I am going to talk tonight about anger—and specifically the anger of working people. I want to explain why working people are right to be mad about what has happened to our economy and our country, and then I want to talk about why there is a difference between anger and hatred. There are forces in our country that are working hard to convert justifiable anger about an economy that only seems to work for a few of us into racist and homophobic hate and violence directed at our President and heroes like Congressman John Lewis. Most of all, those forces of hate seek to divide working people – to turn our anger against each other.

So I also want to talk to you tonight about what I believe is the only way to fight the forces of hatred—with a strong progressive tradition that includes working people in action, organizing unions and organizing to elect public officials committed to bold action to address economic suffering.
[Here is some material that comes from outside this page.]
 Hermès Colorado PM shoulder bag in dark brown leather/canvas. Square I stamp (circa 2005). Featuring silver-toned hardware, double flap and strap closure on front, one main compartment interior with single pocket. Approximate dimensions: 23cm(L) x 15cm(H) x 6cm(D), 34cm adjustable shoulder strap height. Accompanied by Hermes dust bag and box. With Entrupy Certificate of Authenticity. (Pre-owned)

That progressive tradition has drawn its strength from an alliance of the poor and the middle class—everyone who works for a living.

But the alliance between working people and public minded intellectuals is also crucial—it is all about standing up to entrenched economic power and the complacency of the affluent. It’s an alliance that depends on intellectuals being critics, and not the servants, of economic privilege.
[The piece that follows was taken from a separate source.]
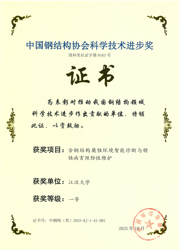 2025年10月,中国钢结构协会正式公布年度科学技术奖评选结果。江汉大学作为第一完成单位申报的科研成果《含钢结构腐蚀环境智能诊断与锈蚀病害预防性维护》,荣获2025年度中国钢结构协会科学技术进步奖一等奖。

I am here tonight at the Kennedy School of Government to say that if you care about defending our country against the apostles of hate, you need to be part of the fight to rebuild a sustainable, high wage economy built on good jobs – the kind of economy that can only exist when working men and women have a real voice on the job. ...


More of the speech here including solutions, not just a recitation of the problems: http://tinyurl.com/ydqq64b

I found this speech on Yoko Ono's (yes -- that Yoko Ono) website. It's well worth reading. And a personal note for all of my fellow baby boomers: please spare us the snark about Yoko. The Beatles broke up 40 years ago and it's time to get over it and quit blaming her for what was inevitable. Crikey.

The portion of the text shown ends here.